Grand New Party: How Republicans Can Win the Working Class and Save the American Dream
In 2008, Salam co-authored Grand New Party: How Republicans Can Win the Working Class and Save the American Dream with Ross Douthat. The book grew from a cover story for The Weekly Standard, which called for a reinvention of Republican domestic policy. Salam and Douthat argued that the Republican Party had lost touch with its own base and that its Bush-era, big-government policies were "an evolutionary dead end." They instead advocated "tak[ing] the 'big-government conservatism' vision" of Bush and giving it "coherence and sustainability" by vigorously serving the interests of the less affluent voters, who had become the party's base. The platform would include "an economic policy that places the two-parent family—the institution best capable of providing cultural stability and economic security—at the heart of the GOP agenda."

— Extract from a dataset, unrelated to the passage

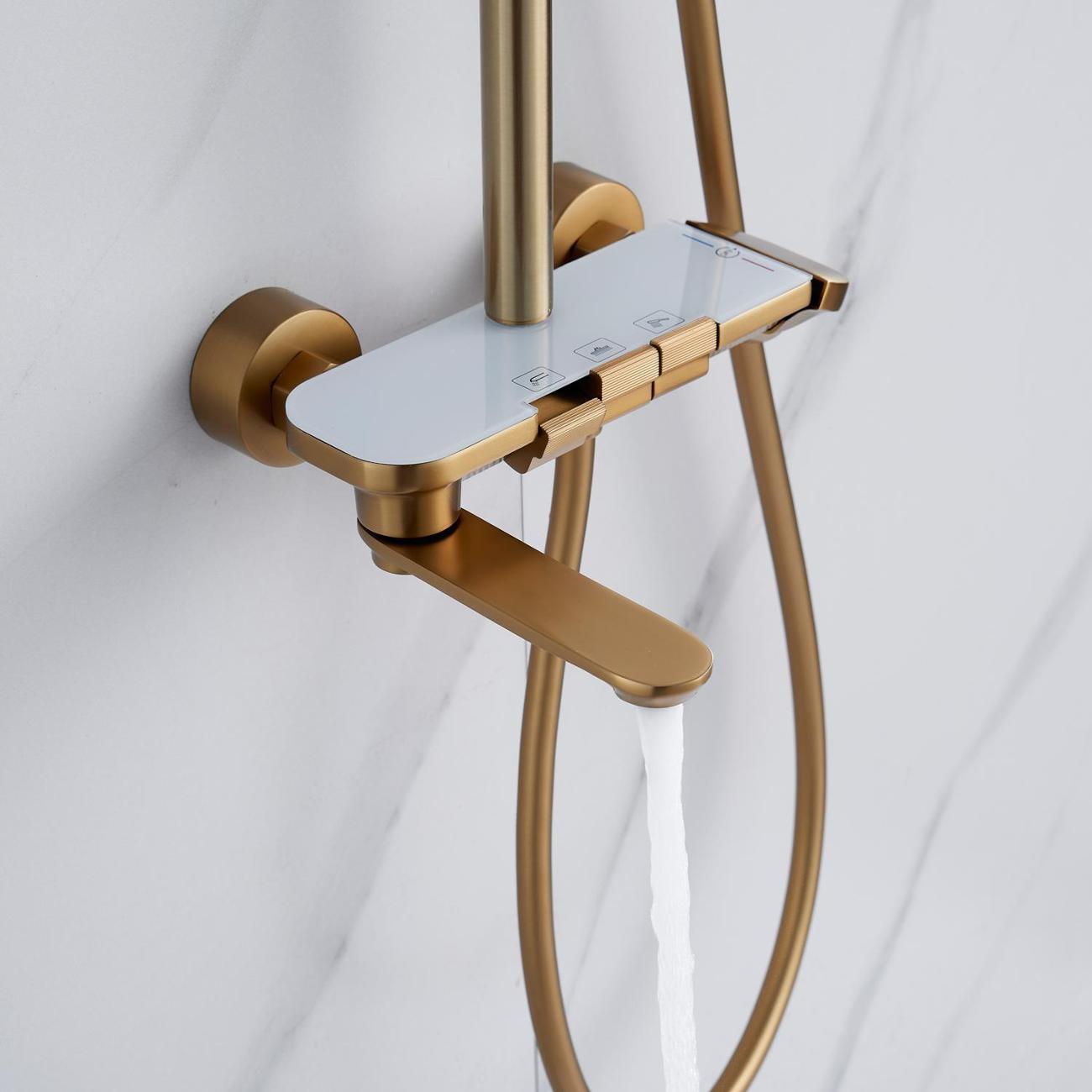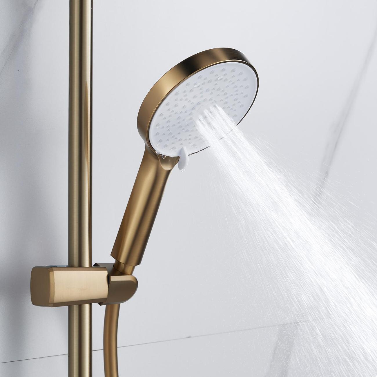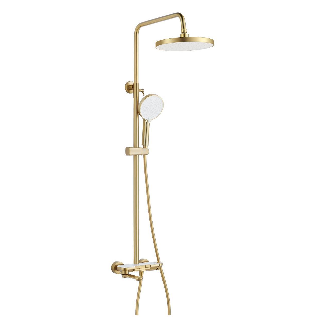 Элегантная душевая система Shevanik S4726G в цвете "золотой сатин" (сатинированное золото) воплощает в себе современный дизайн и безупречное качество исполнения. Изготовленная из прочной латуни, она гарантирует долговечность и надежность в использовании.

Melting Pot or Civil War?: A Son of Immigrants Makes the Case Against Open Borders
Salam's second book Melting Pot or Civil War?: A Son of Immigrants Makes the Case Against Open Borders, was released in 2018. It "contends that while the United States should welcome more high-skilled immigrants, mass low-skilled immigration is swelling the number of poor people in a country that is struggling--with modest success at best--to fulfill the aspirations of the less privileged citizens already living here". The New York Times Ross Douthat (co-author of Salam's previous book) described it as "a rigorous, policy-driven argument for more-humane-than-Trump immigration restriction". Megan McArdle commended it for its "admirable and all-too-rare willingness to lay out the problem in clear terms", and Noah Smith, writing in Foreign Affairs, called it, "a thoughtful well-informed, mostly economic argument for limiting low-skilled immigration". Cato Institute immigration expert Alex Nowrasteh argues that Salam makes numerous factual and logical errors in arguing for reducing immigration.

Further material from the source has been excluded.